The coming morning was sad as we had to head back to Windhoek; but we had two very good surprises. As we were leaving the Etosha Park there were two Himba ladies with their children selling jewelries for their community. We wanted to take pictures with them and of them; so in return we were asked to give support to the community. The Himba people are one of the many indigenous tribes of Namibia. They are considered the last nomadic people of Namibia and have retained their culture very well despite the influence of colonization. One of the very distinct feature of the Himba people is that they rub otjize (a red mixture of animal fat, fragrants and ochre pigments) to prevent sun burn, bug bites and to display beauty. I was very interested in experiencing this mysterious rubbing of the otjize so I asked the lady to rub the otjize into a thin strand of my hair. The lovely lady happily agreed and instead of rubbing the otjize into just a thin strand of my hair, she ended up rubbing it into my whole head and MY FACE! It was a humorous and priceless moment. Our second surprised was at the crocodile farm. We were walked through by a tour guide to learn about the farm and the crocodiles that were there. The crocodile farm really shined light on human exploit animals for not just food but handbags, wallets and things that are not essential to living.
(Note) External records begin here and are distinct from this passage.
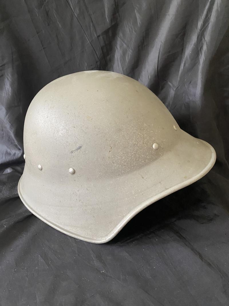 This is a very nice Swiss M1918-43 Brandweer helmet, this one is made from what looks like alloy, this one is fitted with a canvas sling, a nice one to add to the collection of Helmets.
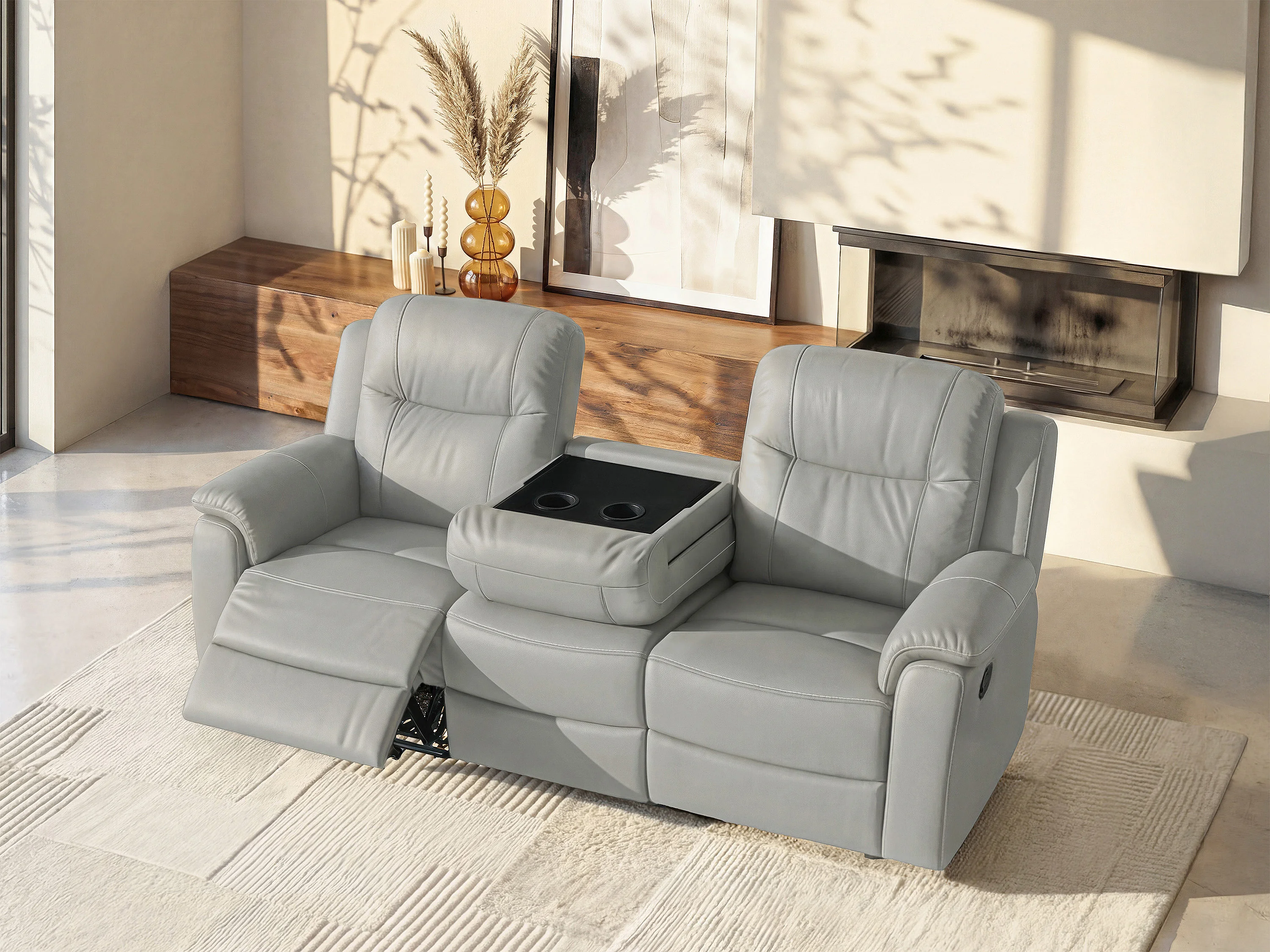 3-personers sofa med relax-funktion EVASION i læder - Lysegrå
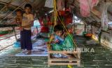 Sejumlah anak pengungsi Rohingya bermain di dalam tenda gubuk yang dijadikan hunian sementara di Pekanbaru, Riau, Selasa (21/5/2024). Sebanyak 154 orang pengungsi Rohingya yang berasal dari Aceh ini terpaksa tinggal sementara di tenda-tenda gubuk yang didirikan di lahan masyarakat sebelum nantinya akan ditempatkan di lokasi yang disiapkan oleh pemerintah daerah setempat. (FOTO : ANTARA FOTO/Rony Muharrman)
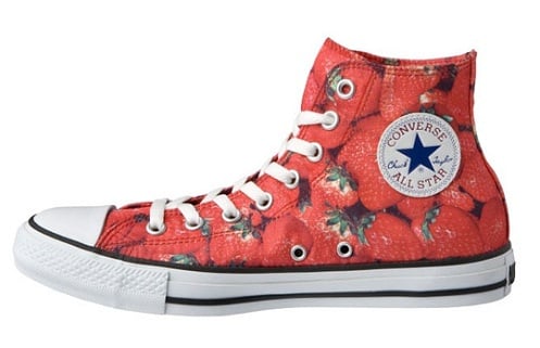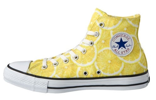 After showing you a “leather jacket” Converse All Star hi, we bring you a collection of that very Converse silhouette with a “fruity” influence. Pictured here is one Converse All Star hi in a yellow lemonade upper, and another in a red strawberry upper. These interesting colorways are being offered specifically by Converse Japan and a part of the line’s Spring/Summer 2011 sneaker collection.

For me, I guess the Etosha trip was not just a trip where I got to enjoy seeing exotic animals. It was a trip that showed me how beautiful the world we lived in is. It was unreal to think that black rhinos are on the brink of extinction because of their tusks; and elephants are hunted everywhere for not only their tusks but locked up in circuits for our entertainment. I wish that everyone could have the opportunity to witness such beauty and realize the impacts of our actions on these animals. I guess I can sign off with this statement: humans are the only animals that can express compassion through words and action, then why is it that we are responsible for so many animals’ extinction? What does that say about our priorities? Is it tusks? Is it another crocodile belt? Is it delicious exotic meat? Or does it all boil down to money? It is hard for me to understand killing of these beautiful animals to the brink of extinction when we humans are the only animal capable of compassion.